Work to complete:
The answer must be the lines from the one that holds "ป้าสติหลุดปีนเคาน์เตอร์ ฉกสุราเดินออกจากร้านหน้าตาเฉย (มีคลิป)" through the final line of the data, copied exactly, with no pictures.

Raw data:

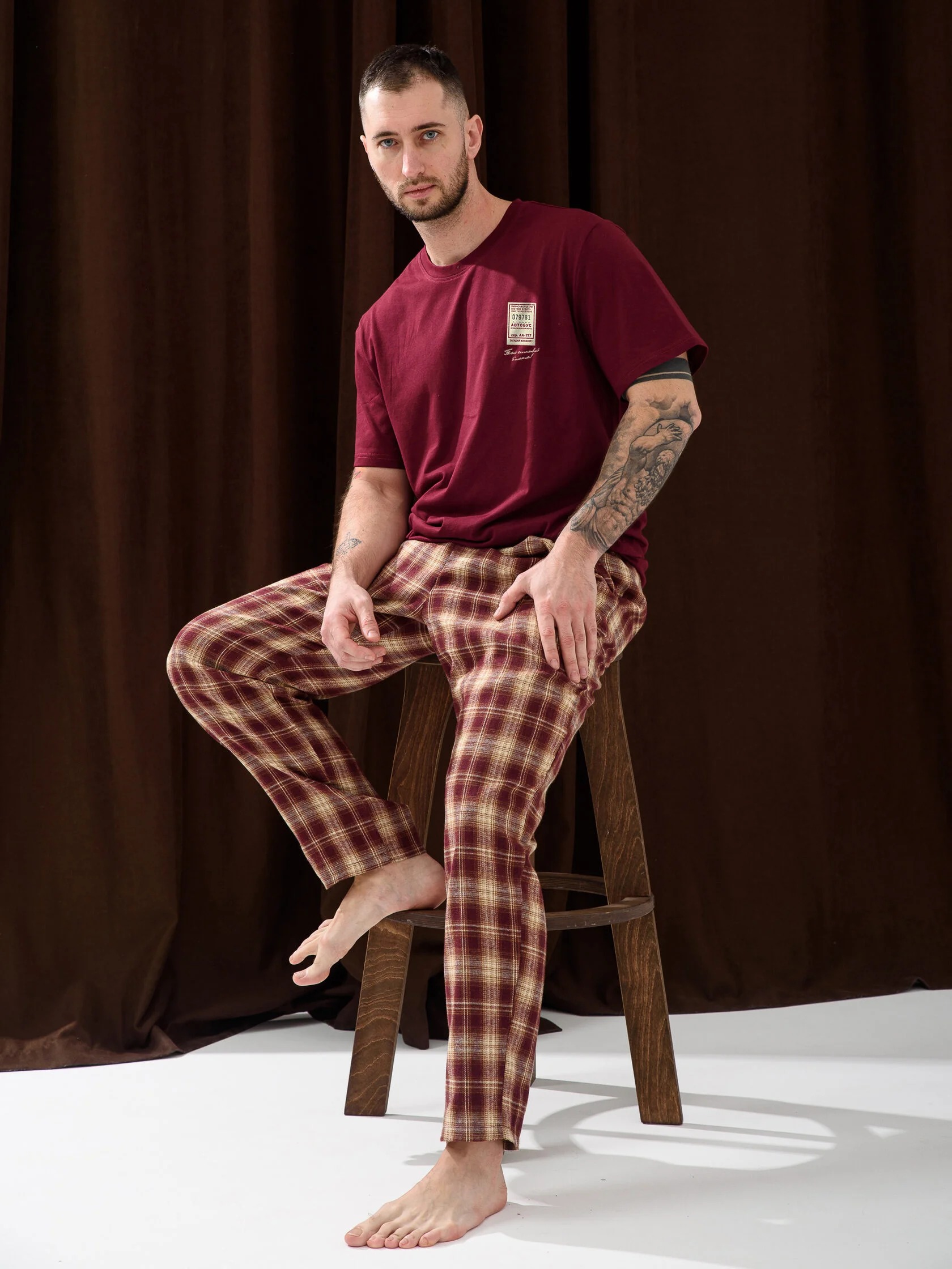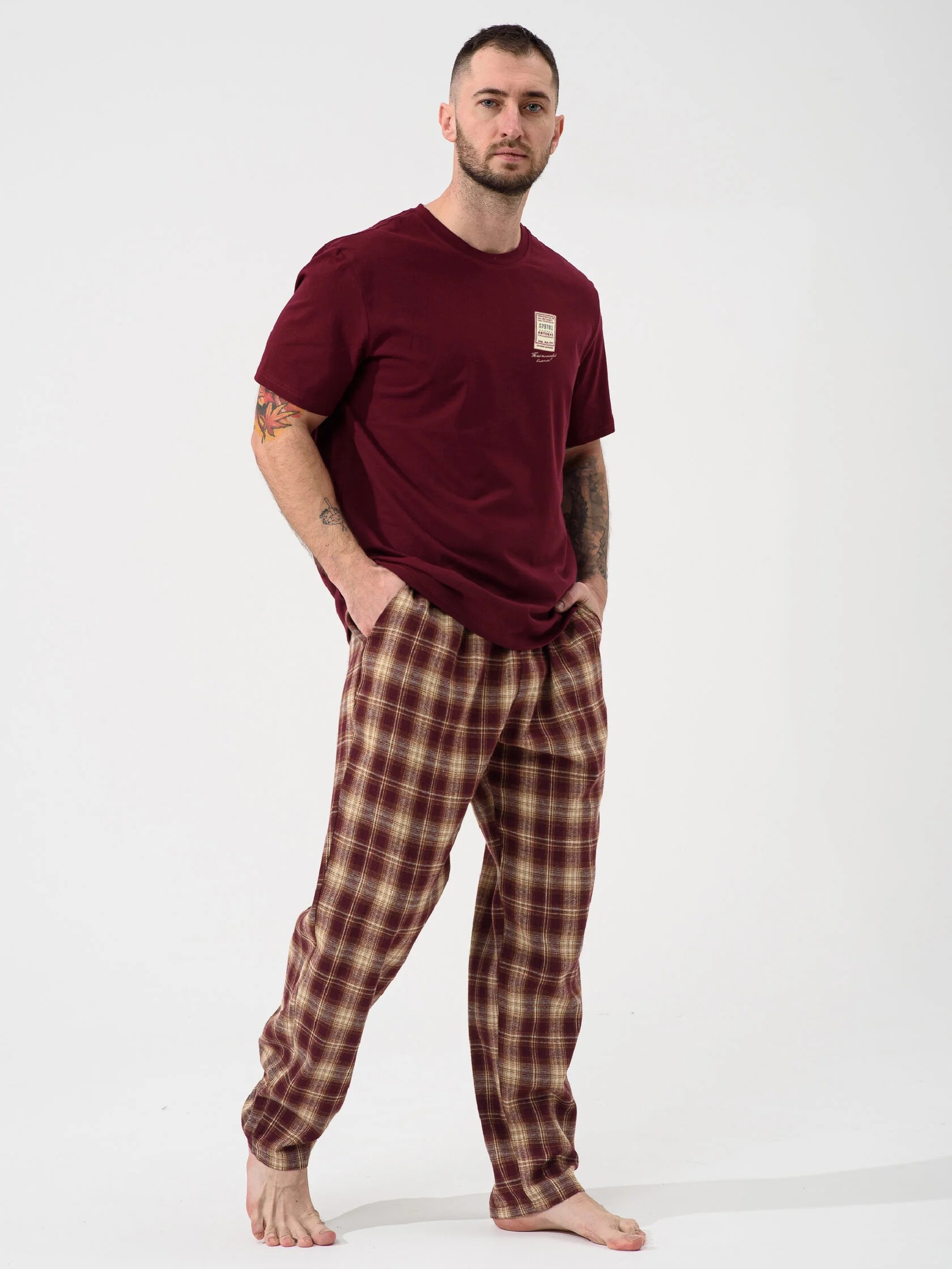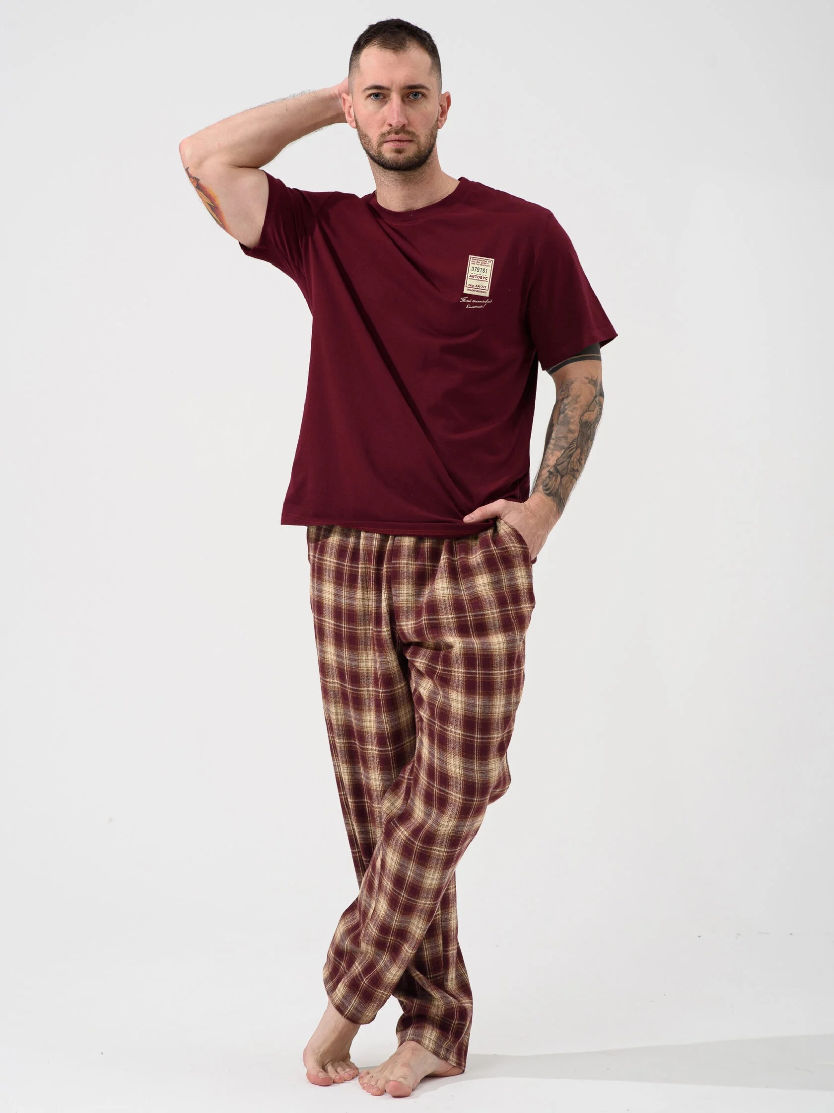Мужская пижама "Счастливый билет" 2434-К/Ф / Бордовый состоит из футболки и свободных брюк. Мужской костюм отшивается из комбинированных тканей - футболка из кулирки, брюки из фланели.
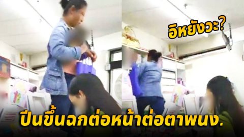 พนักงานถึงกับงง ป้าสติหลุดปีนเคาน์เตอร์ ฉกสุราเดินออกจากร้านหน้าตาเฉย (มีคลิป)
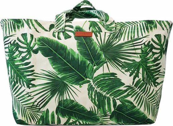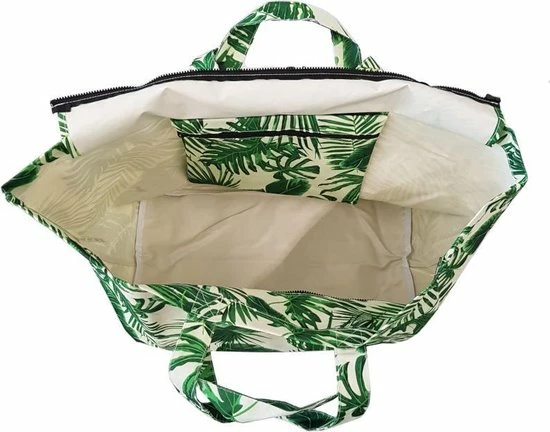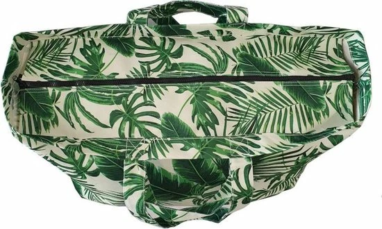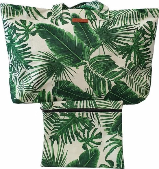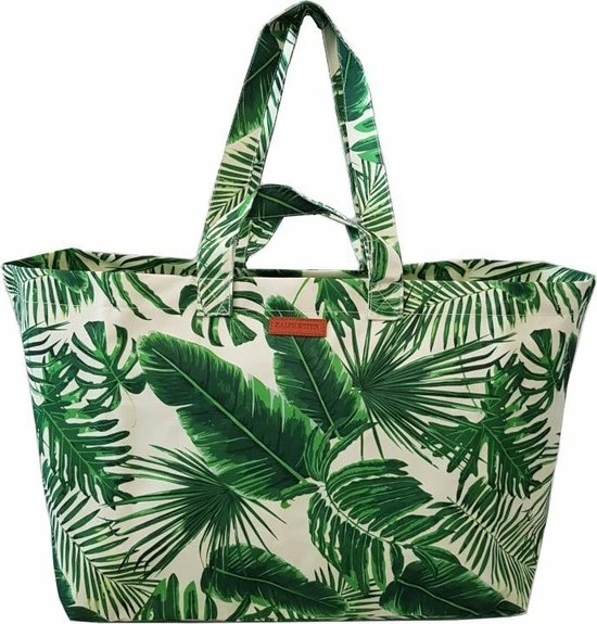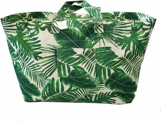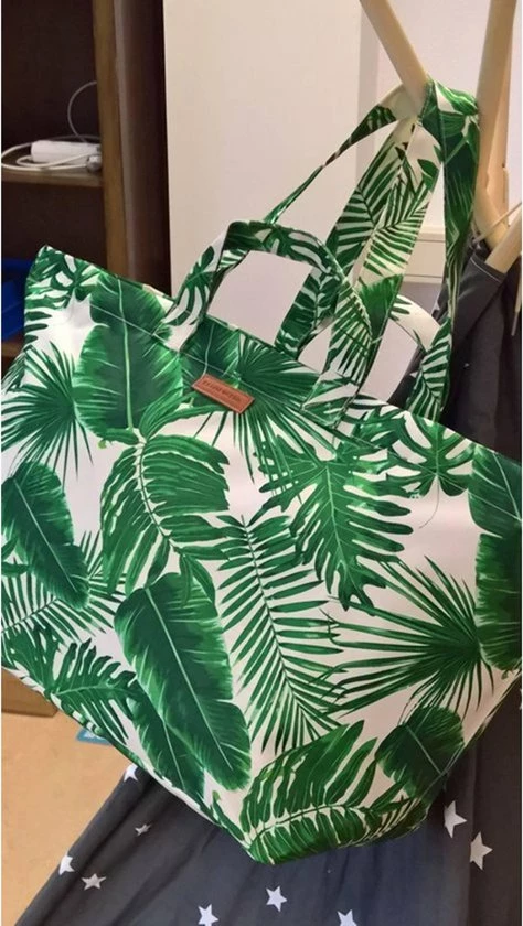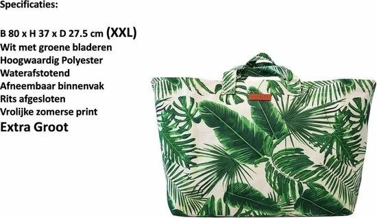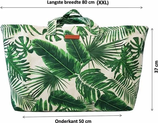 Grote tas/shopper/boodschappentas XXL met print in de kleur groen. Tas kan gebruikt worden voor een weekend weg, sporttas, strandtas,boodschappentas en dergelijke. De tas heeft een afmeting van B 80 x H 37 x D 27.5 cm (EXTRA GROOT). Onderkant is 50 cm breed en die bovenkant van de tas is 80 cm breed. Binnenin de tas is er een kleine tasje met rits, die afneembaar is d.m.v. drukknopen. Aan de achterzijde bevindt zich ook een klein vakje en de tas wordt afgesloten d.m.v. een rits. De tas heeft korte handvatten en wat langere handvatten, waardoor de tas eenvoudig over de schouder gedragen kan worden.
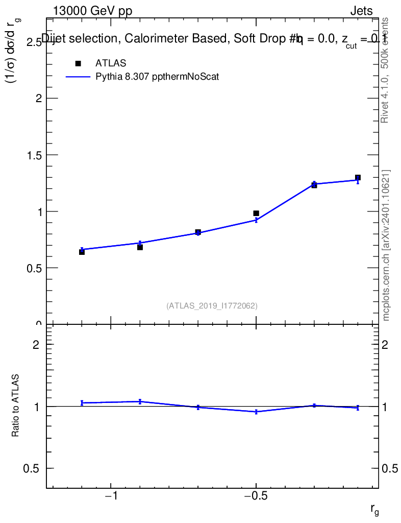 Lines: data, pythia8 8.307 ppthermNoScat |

Task output:
 พนักงานถึงกับงง ป้าสติหลุดปีนเคาน์เตอร์ ฉกสุราเดินออกจากร้านหน้าตาเฉย (มีคลิป)
 Grote tas/shopper/boodschappentas XXL met print in de kleur groen. Tas kan gebruikt worden voor een weekend weg, sporttas, strandtas,boodschappentas en dergelijke. De tas heeft een afmeting van B 80 x H 37 x D 27.5 cm (EXTRA GROOT). Onderkant is 50 cm breed en die bovenkant van de tas is 80 cm breed. Binnenin de tas is er een kleine tasje met rits, die afneembaar is d.m.v. drukknopen. Aan de achterzijde bevindt zich ook een klein vakje en de tas wordt afgesloten d.m.v. een rits. De tas heeft korte handvatten en wat langere handvatten, waardoor de tas eenvoudig over de schouder gedragen kan worden.
 Lines: data, pythia8 8.307 ppthermNoScat |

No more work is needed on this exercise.